New Year’s Resolutions for Parents of Preschoolers


For the next few days, New Year’s Resolutions will be a hot topic.  People will talk about things they want to achieve in the year 2013.  Social media sites will be full of promises about diet, exercise and daring to do things differently.  We tend to look inward and determine what we want for ourselves.  This year, I challenge you to have two lists of resolutions – the personal and the parental.

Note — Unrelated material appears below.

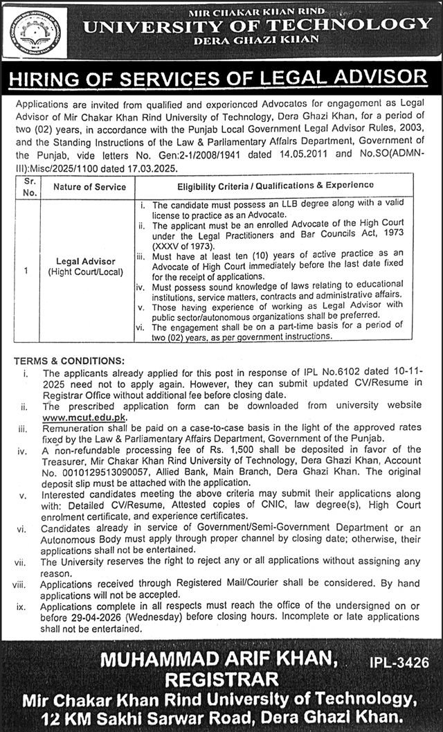 Applications are invited from qualified and experienced Advocates for engagement as Legal Advisor of Mir Chakar Khan Rind University of Technology, Dera Ghazi Khan, for a period of two (02) years, in accordance with the Punjab Local Government Legal Advisor Rules, 2003, and the Standing Instructions of the Law & Parliamentary Affairs Department, Government of the Punjab, vide letters No. Gen:2-1/2008/1941 dated 14.05.2011 and No.SO(ADMN-III):Misc/2025/1100 dated 17.03.2025.

Resolve this year to give more conscience thought to your parenting.  In this competitive, stressful, overscheduled and technologically based world, think about how you can help your young children to build a foundation of feeling capable, being emotionally strong and loving to explore their curiosity.  Consider these New Year’s Resolutions for Parents of Preschoolers:

  • Encourage more socialization and less technology driven isolation:  It is astounding to see parents of preschoolers, or children of any age, posting pictures in the social media of their children and friends sitting side by side each using their own tablet, laptop or video game and calling that a play date.  Play time with friends should encourage conversation, creativity and cooperation.  Children should be entering the world of their imagination and not the imagination of a software engineer.  Dramatic play, alone and with others, is the most important part of your child’s day.  Children who engage in play in worlds of their own making are testing rules & boundaries, gaining confidence in their ability to make decisions and learning about the world by role playing.  Role playing is, in fact, the beginning of literacy.  Children experiment with symbolism, exercise their verbal skills muscles and tell the most amazing stories.  Unplug the video game.  Turn off the laptop.  Encourage socialization and brain exercise.
  • Give some control to your children by encouraging them to make decisions:  Young children have very little control over their days.  They follow the pattern of the day as set forth by all of the adults in their lives.  There is a schedule at home and a routine at school.  Young children measure time by routine so it is important to have predictability.  There are some things, however, that they can control.  Young children can pick their own clothes or choose from a couple of snack choices.  As you go through each day, be aware of the decisions that you are making that actually can be handed over to your children.  They will learn that their opinions have value and they are capable decision makers.
  • Encourage sensory experiences by having a messy zone in your home:  When children dive into finger paints, shaving cream and play dough, they are doing more than just making a mess.  They are developing pathways in the brain that help to process input from the world around them.  The more children smell, feel, taste, see and hear, the more data they collect and the more perceptive they become.
  • Become more aware of what activities are adult driven and, therefore,  not really play:  Children learn best through play, by being active learners.  The moment that adults take over the activity, your children become passive participants.  Young children may enjoy dance class, sports and taking music lessons and that’s wonderful.  They should be encouraged to participate in activities that they enjoy.  As parents, however, we need to recognize that all of these adult driven activities provide no opportunities for children to make their own decisions and , therefore, build their own knowledge.   Be sure to balance your schedule with plenty of free play, both indoors and outside, during which the children determine the course of action.
  • Listen more and talk less:  This may be the most difficult parenting resolution.  We have lived a while and have knowledge that we just want to impart.  When we talk, we cannot hear.  Children have feelings, opinions and their own viewpoint of the world.  They do not think like we do nor do we think like them.  It is important to really listen as our children speak and to watch when they are at play.  Listening and watching gives us a window into how they see their world.  It is when we understand their perceptions that we can better alleviate their fears, guide them and help them to be confident.

Parenting is the hardest job on Earth.  Resolve in 2013 to take parenting off of auto-pilot and reflect upon the activities of each day.  Think about the ways in which you provide not only the basics but also a foundation for all future interactions, learning and self-worth.

Wishing you a happy, healthy and fulfilling 2013!